= Stigma of print =

The stigma of print is the concept that an informal social convention restricted the literary works of aristocrats in the Tudor and Jacobean ages to private and courtly audiences — as opposed to commercial endeavours — at the risk of social disgrace if violated, and which obliged the author to profess an abhorrence of the press and to restrict his works from publication. The stigma is usually confined to creative literature rather than to pious or scholarly works. It is assumed to apply especially to poetry and drama.

The concept was first popularised by Edward Arber in 1870. Arber wrote that "The Poets of that age, wrote for their own delectation and for that of their friends: and not for the general public. They generally had the greatest aversion to their works appearing in print.". This was said to be linked to the ideal of the courtier promoted by Baldassare Castiglione, who wrote that courtiers should keep their poetic work close, only circulating them among friends.

The argument was supported by statements from George Puttenham regarding "courtly makers" who wrote poetry but who did not circulate it beyond a small circle of friends. Earlier aristocratic poets such as Thomas Wyatt and Henry Howard, Earl of Surrey had made no effort to have their works published; their poems only appeared in print after the authors' deaths. J.W. Saunders argued that for such poets publication was "an unimportant and somewhat discreditable aspect of authorship".

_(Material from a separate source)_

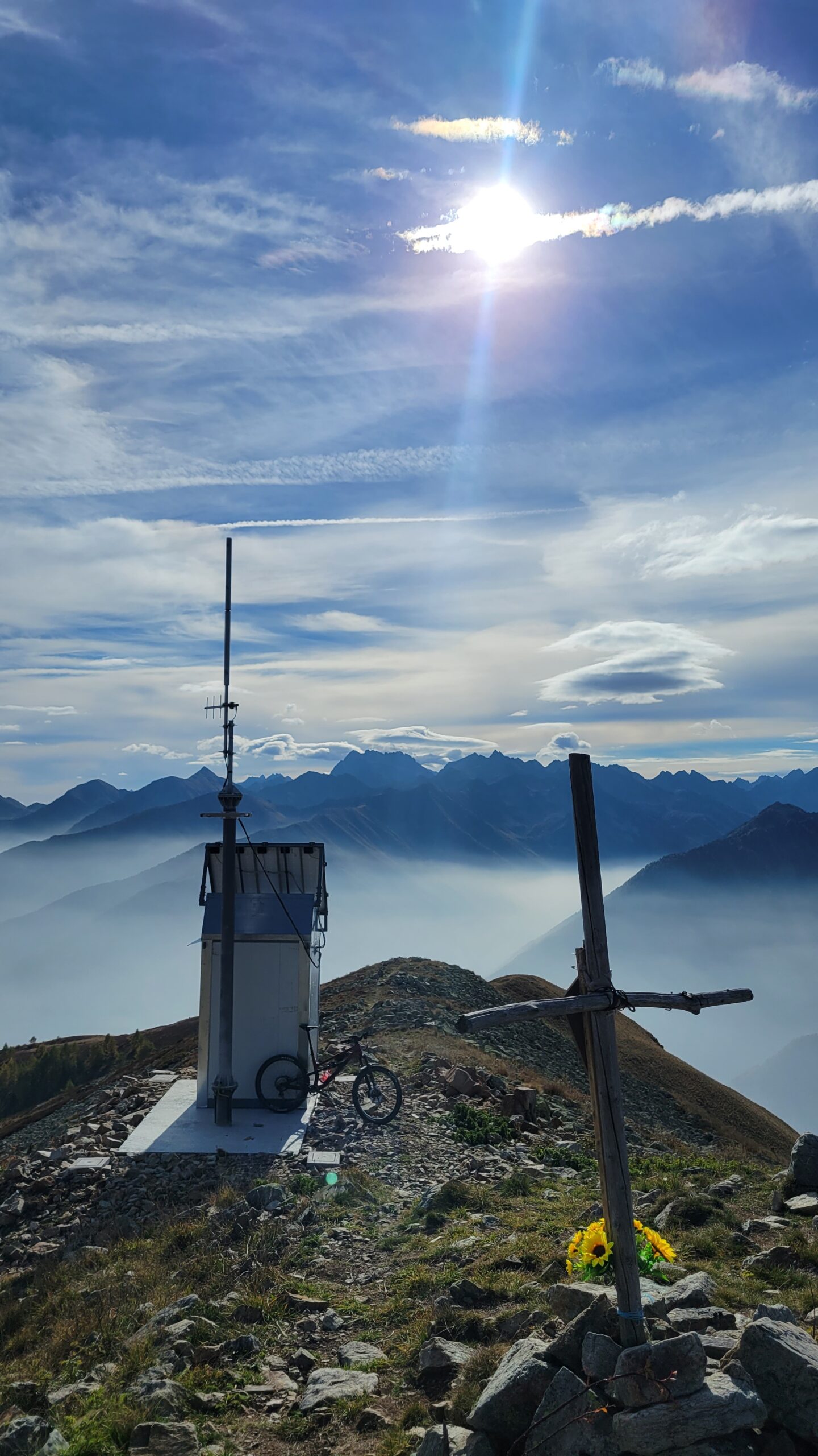 Fatta la salita sino al Colle di Neirassa, la prima parte su asfalto con pendenze notevoli che poi migliorano man mano che si sale, con la parte sterrata più rilassante ed in ambiente aperto. Dal colle sono salito al monte Autes su bella sterrata ancora in buone condizioni, con l’ultima breve parte a spinta su di un tratto pietroso ma senza difficoltà. Dalla cima si gode di un’ampio panorama su tutta la valle Stura. Ridisceso al Colle ho fatto la bella discesa verso Sanbuco; Il traverso in frana va fatto con attenzione, io con bici al fianco, ma non presenta particolare difficoltà.

While there is good evidence that aristocratic authors often acted as though they were indifferent to print publication, a number of scholars have doubted that there was any stigma associated with it by the Elizabethan age. Saunders refers to the "unimportance of the printed-book audience" for such writers. According to Ian Hamilton, the practice — if it existed — was honoured more in the breach than in the observance. Steven May argues that while there is almost no aristocratic publication of creative literature in the early Tudor period, the publication of poetry is fairly common in the reign of Elizabeth, indicating that there was little or no stigma attached to it by this period.